(Beginning of Study material)

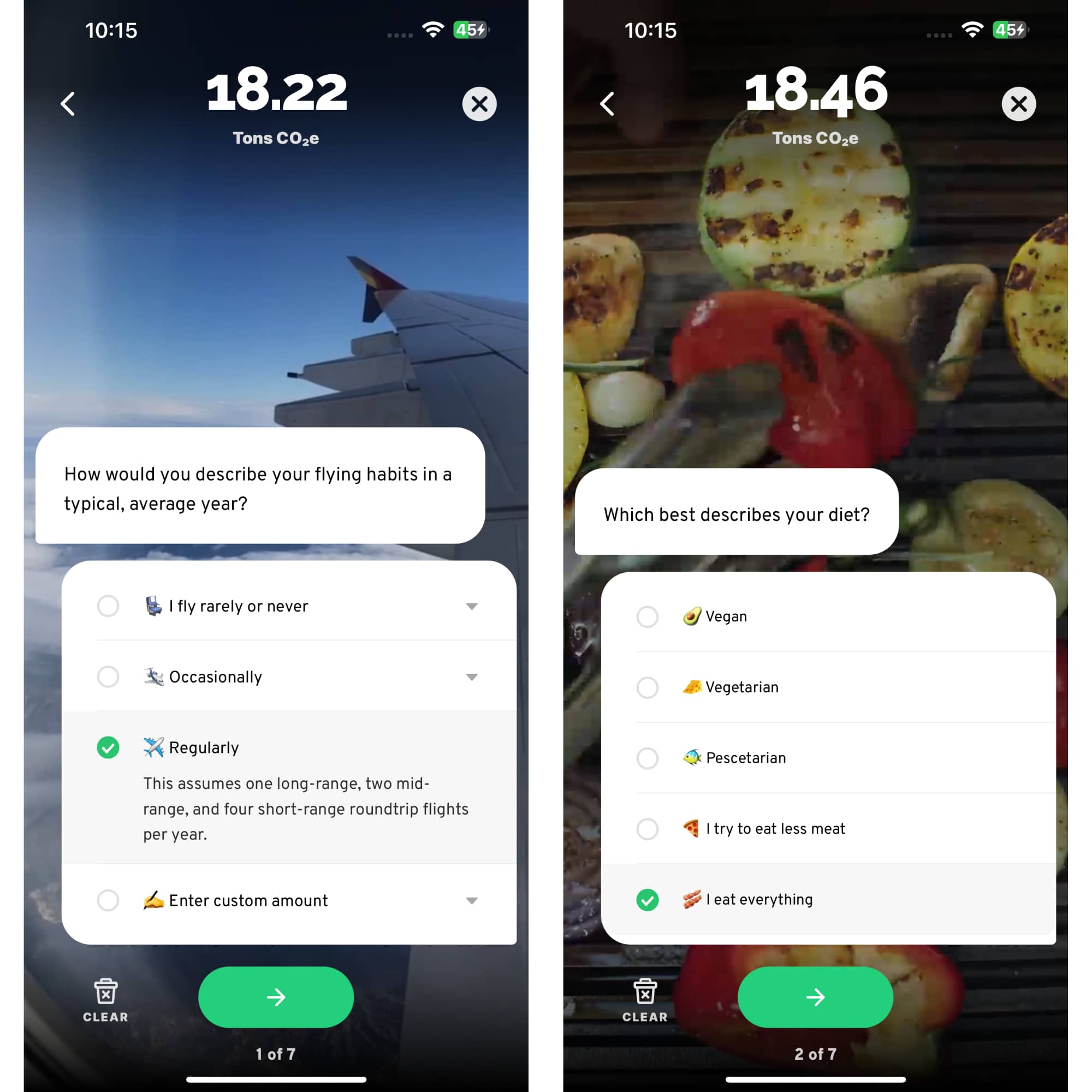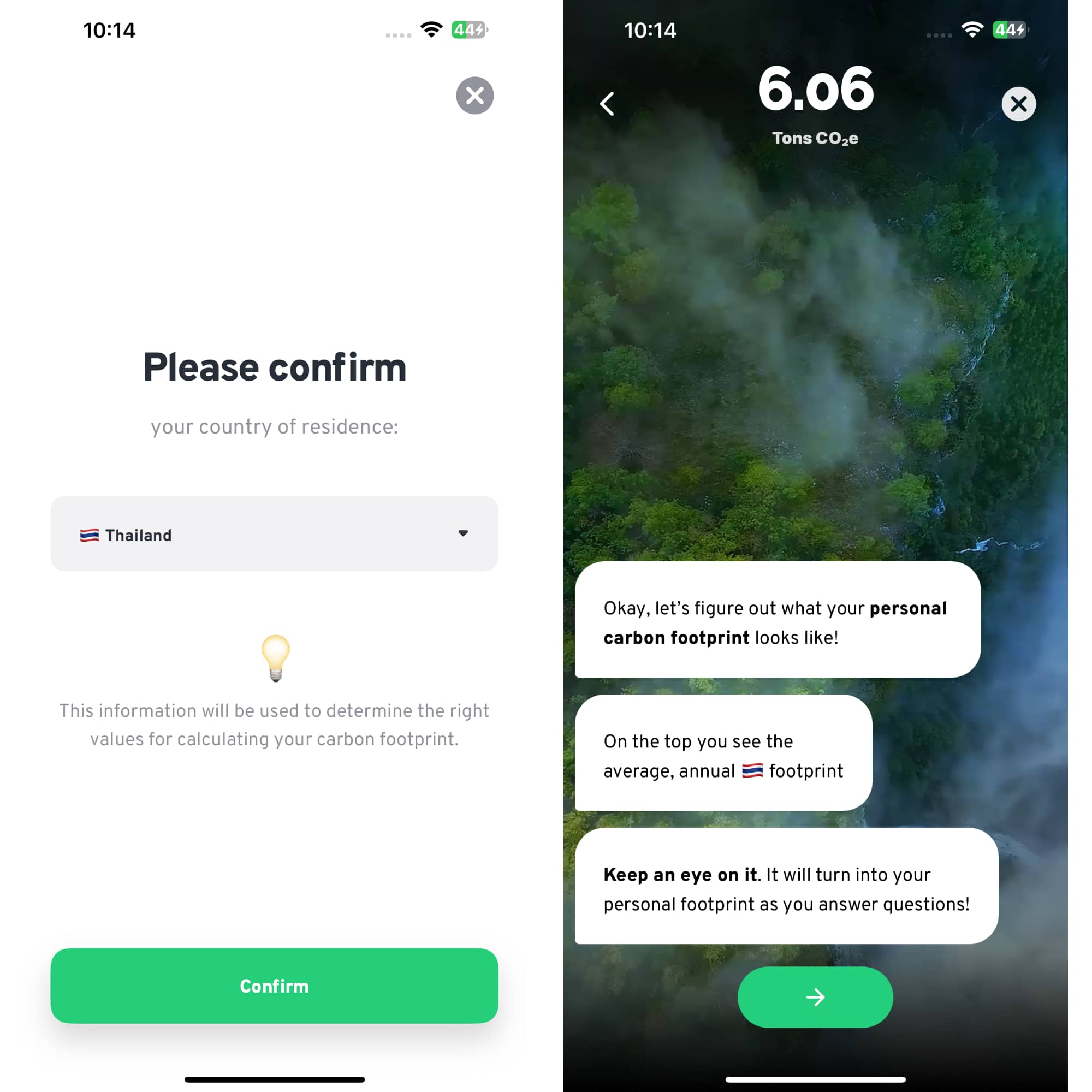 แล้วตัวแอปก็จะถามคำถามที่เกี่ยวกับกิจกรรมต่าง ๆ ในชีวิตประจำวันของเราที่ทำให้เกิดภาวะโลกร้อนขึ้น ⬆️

(End of Study material)
(Beginning of Study material)

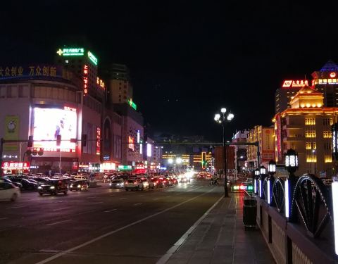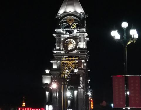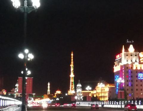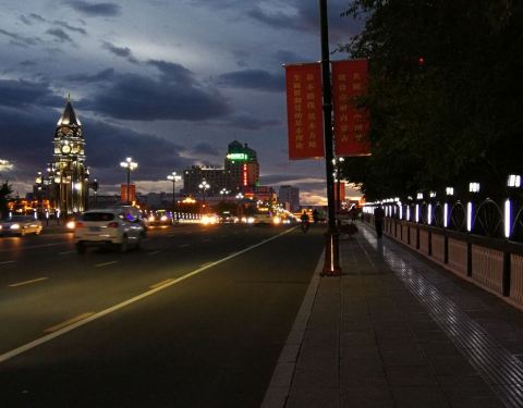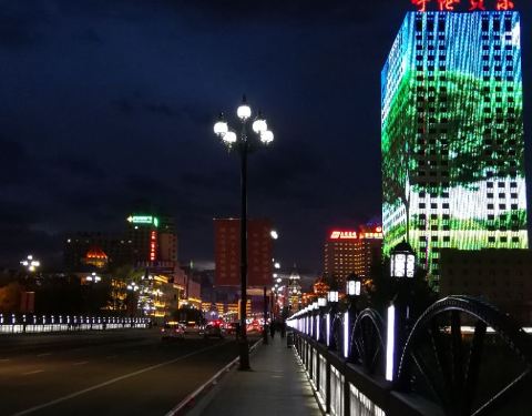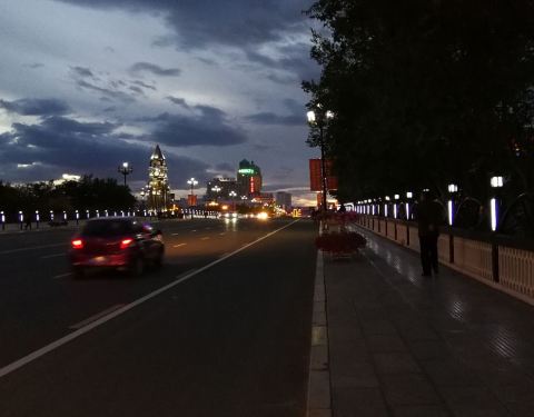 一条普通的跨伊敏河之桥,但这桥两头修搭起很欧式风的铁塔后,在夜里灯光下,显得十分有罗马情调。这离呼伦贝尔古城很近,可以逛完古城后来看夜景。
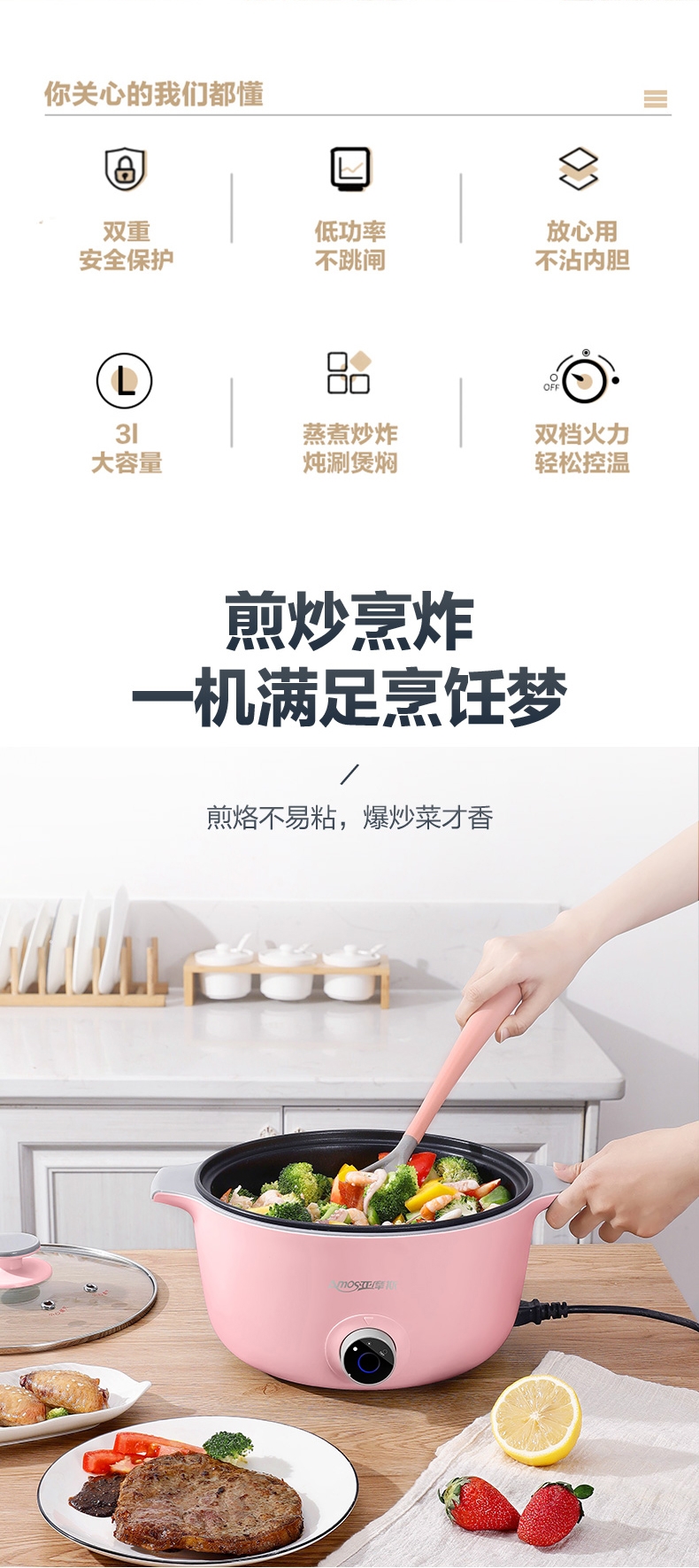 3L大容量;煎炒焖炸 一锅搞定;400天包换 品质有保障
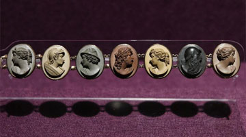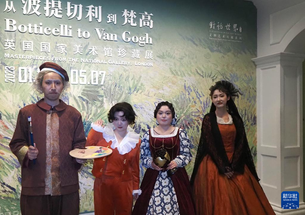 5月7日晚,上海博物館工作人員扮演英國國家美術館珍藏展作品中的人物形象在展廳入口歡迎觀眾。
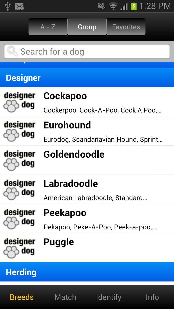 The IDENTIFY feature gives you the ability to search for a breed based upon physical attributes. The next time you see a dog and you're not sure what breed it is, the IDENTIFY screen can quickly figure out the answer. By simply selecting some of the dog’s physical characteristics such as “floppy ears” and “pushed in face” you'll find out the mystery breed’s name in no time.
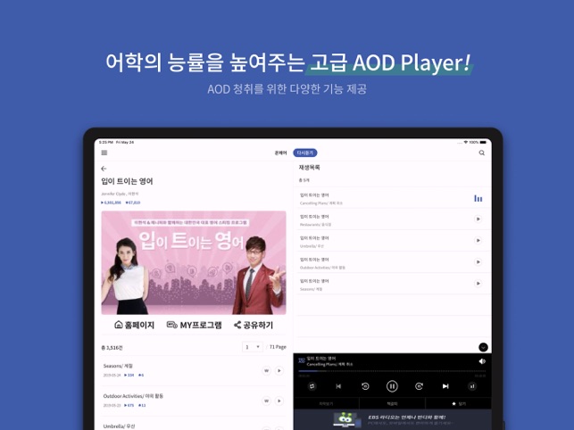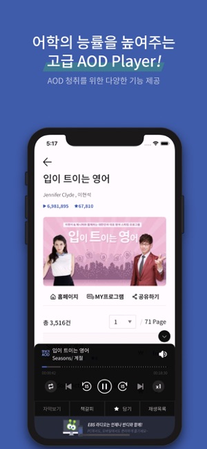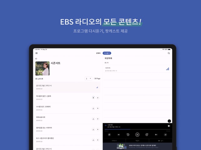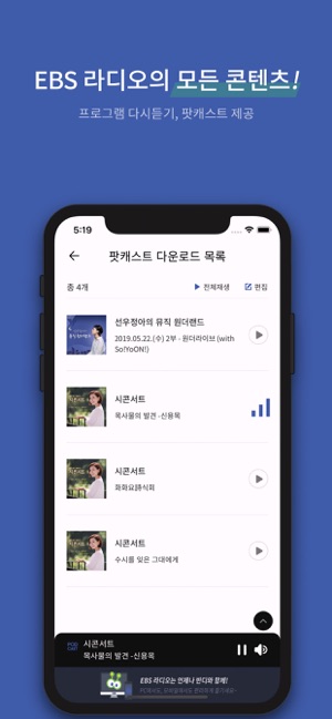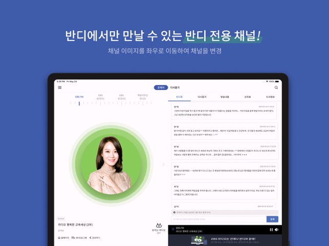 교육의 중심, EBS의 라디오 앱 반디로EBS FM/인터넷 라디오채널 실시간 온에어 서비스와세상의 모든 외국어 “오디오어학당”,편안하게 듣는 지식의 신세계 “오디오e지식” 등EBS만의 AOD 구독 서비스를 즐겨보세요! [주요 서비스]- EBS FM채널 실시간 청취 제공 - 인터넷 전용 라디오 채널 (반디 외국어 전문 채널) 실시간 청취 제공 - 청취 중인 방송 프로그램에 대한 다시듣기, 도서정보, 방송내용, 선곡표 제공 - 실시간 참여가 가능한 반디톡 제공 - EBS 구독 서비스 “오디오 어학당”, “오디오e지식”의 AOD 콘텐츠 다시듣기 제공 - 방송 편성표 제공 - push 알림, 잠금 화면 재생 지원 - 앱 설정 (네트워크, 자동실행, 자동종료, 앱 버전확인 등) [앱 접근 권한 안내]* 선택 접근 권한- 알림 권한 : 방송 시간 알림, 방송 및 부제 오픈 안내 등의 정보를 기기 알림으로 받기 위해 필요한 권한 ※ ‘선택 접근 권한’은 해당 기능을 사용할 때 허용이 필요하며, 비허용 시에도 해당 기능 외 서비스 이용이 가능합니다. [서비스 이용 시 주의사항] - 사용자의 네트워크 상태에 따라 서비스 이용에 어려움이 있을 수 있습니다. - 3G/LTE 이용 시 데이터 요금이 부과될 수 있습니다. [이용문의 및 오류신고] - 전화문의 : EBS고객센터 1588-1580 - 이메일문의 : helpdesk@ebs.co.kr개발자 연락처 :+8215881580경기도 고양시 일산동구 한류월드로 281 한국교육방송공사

(End of Study material)
(Beginning of Study material)

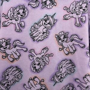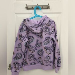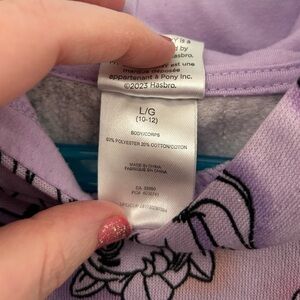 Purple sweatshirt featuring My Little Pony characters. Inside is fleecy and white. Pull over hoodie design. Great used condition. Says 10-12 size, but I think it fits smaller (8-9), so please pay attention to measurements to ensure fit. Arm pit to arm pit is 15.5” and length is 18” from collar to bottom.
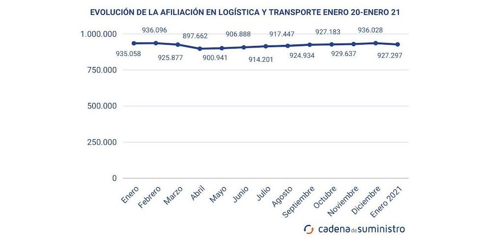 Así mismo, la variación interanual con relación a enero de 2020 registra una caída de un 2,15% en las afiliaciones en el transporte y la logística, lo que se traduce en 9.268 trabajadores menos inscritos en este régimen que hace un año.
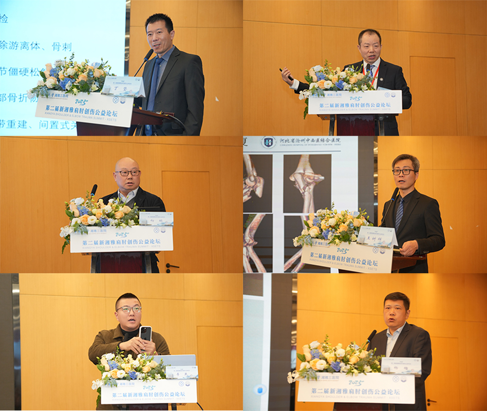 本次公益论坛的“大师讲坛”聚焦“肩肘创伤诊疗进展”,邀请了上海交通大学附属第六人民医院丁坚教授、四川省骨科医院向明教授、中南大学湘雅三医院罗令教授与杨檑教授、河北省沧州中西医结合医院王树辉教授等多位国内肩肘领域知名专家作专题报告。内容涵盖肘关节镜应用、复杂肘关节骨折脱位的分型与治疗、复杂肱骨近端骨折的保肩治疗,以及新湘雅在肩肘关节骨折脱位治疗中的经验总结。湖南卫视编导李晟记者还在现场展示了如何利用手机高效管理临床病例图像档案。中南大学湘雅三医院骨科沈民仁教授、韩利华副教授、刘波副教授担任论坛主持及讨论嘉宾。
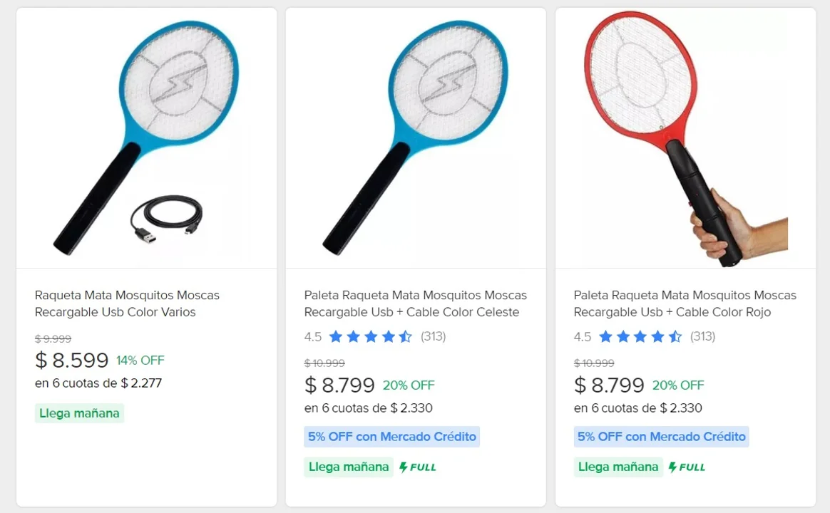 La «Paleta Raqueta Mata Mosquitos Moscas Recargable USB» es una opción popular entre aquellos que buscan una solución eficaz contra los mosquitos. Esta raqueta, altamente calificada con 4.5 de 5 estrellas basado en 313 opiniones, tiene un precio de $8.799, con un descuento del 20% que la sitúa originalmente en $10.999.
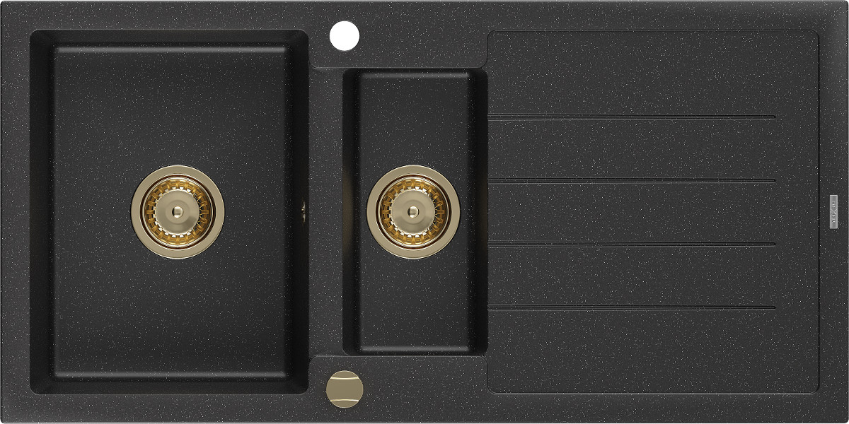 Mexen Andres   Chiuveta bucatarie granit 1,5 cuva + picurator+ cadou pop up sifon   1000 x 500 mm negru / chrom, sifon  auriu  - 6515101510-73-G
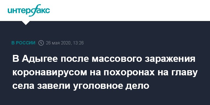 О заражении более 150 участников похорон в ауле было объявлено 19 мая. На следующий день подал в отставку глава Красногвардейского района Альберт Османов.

(End of Study material)

Task details.
Give back exactly the lines of the listing above from the one that contains "Así mismo, la" up to and including the one that contains "О заражении более", but not the pictures, and no other lines.

Task response.
 Así mismo, la variación interanual con relación a enero de 2020 registra una caída de un 2,15% en las afiliaciones en el transporte y la logística, lo que se traduce en 9.268 trabajadores menos inscritos en este régimen que hace un año.
 本次公益论坛的“大师讲坛”聚焦“肩肘创伤诊疗进展”,邀请了上海交通大学附属第六人民医院丁坚教授、四川省骨科医院向明教授、中南大学湘雅三医院罗令教授与杨檑教授、河北省沧州中西医结合医院王树辉教授等多位国内肩肘领域知名专家作专题报告。内容涵盖肘关节镜应用、复杂肘关节骨折脱位的分型与治疗、复杂肱骨近端骨折的保肩治疗,以及新湘雅在肩肘关节骨折脱位治疗中的经验总结。湖南卫视编导李晟记者还在现场展示了如何利用手机高效管理临床病例图像档案。中南大学湘雅三医院骨科沈民仁教授、韩利华副教授、刘波副教授担任论坛主持及讨论嘉宾。
 La «Paleta Raqueta Mata Mosquitos Moscas Recargable USB» es una opción popular entre aquellos que buscan una solución eficaz contra los mosquitos. Esta raqueta, altamente calificada con 4.5 de 5 estrellas basado en 313 opiniones, tiene un precio de $8.799, con un descuento del 20% que la sitúa originalmente en $10.999.
 Mexen Andres   Chiuveta bucatarie granit 1,5 cuva + picurator+ cadou pop up sifon   1000 x 500 mm negru / chrom, sifon  auriu  - 6515101510-73-G
 О заражении более 150 участников похорон в ауле было объявлено 19 мая. На следующий день подал в отставку глава Красногвардейского района Альберт Османов.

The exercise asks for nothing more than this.